▶ _Exercise goal_: Copy the final lines exactly, starting at the one that contains "Zapatillas Adidas Adizero" and ending with the last line of the listing below. Pictures are not part of the copy.

▶ _Given data_:

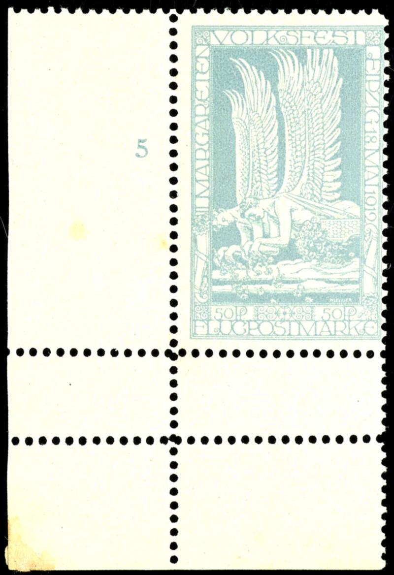 Margarethen poeple festival, mint never hinged 20 Pfg airmail stamp with plate flaw \S\ from festival with dot, left lower corner of the sheet, in the margin a few mould stain, attest Cornelia Brettl (4a) Certificate Margarethen Volksfest, postfrische 20 Pfg Flugmarke mit Plattenfehler \S\ von FEST mit Punkt, linke untere Bogenecke, im Rand einige Stockflecken, Befund Cornelia Brettl (Image)
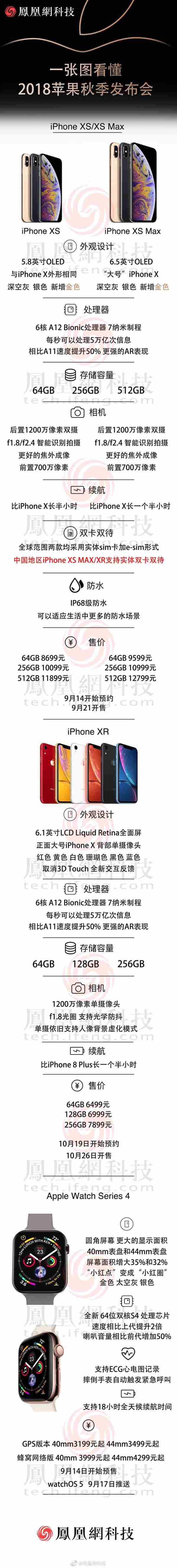 最后就是人们关心的价格问题。iPhone XR将包含64G、128G和256G存储空间,起售价749美元;10月19日预定,10月26日交货。iPhone XS起售价999美元,iPhone XS MAX起售价1099美元。预定时间为9月14日,将于9月21日交货。9月21日上市销售iPhone XS和XS MAX。
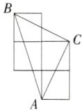 ∵$CB=\sqrt{1^{2}+2^{2}}=\sqrt{5}$,$AC=\sqrt{1^{2}+2^{2}}=\sqrt{5}$,$AB=\sqrt{1^{2}+3^{2}}=\sqrt{10}$,
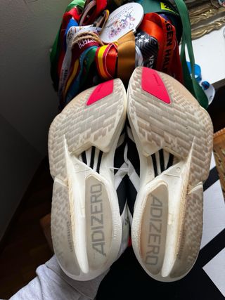 Zapatillas Adidas Adizero Adios Pro 4. - Diseño en blanco y azul. - Detalles rojos en el interior. nuevas valen 250€ estan usadas dos veces
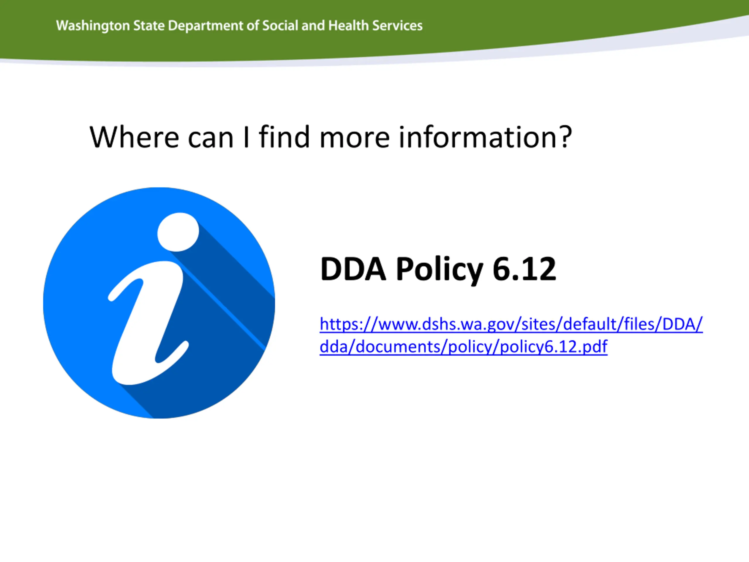 Where can I find more information? DDA Policy 6.12 https://www.dshs.wa.gov/sites/default/files/DDA/ dda/documents/policy/policy6.12.pdf
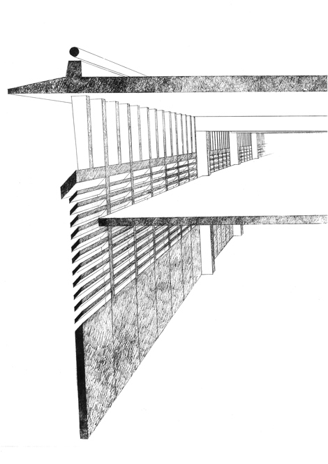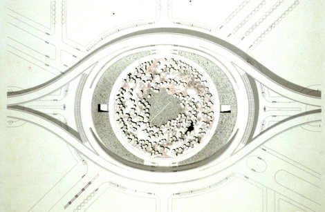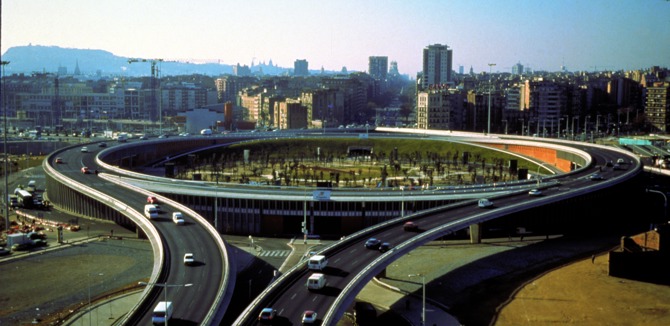La vialidad, la geometría de los trazados viarios y los automóviles fijan la escala y las dimensiones de la propuesta. Es un intercambiador de tráfico a la vez que se establece un jardín interior. Alrededor del anillo viario, un gran parque adecuaría la vialidad a nivel. El edificio circular acoge aparcamientos y el mercado de Los Encantes. Una salida de Metro en el jardín interior conecta con la comunicación básica metropolitana.

▶ _Task solution_:
 Zapatillas Adidas Adizero Adios Pro 4. - Diseño en blanco y azul. - Detalles rojos en el interior. nuevas valen 250€ estan usadas dos veces
 Where can I find more information? DDA Policy 6.12 https://www.dshs.wa.gov/sites/default/files/DDA/ dda/documents/policy/policy6.12.pdf
La vialidad, la geometría de los trazados viarios y los automóviles fijan la escala y las dimensiones de la propuesta. Es un intercambiador de tráfico a la vez que se establece un jardín interior. Alrededor del anillo viario, un gran parque adecuaría la vialidad a nivel. El edificio circular acoge aparcamientos y el mercado de Los Encantes. Una salida de Metro en el jardín interior conecta con la comunicación básica metropolitana.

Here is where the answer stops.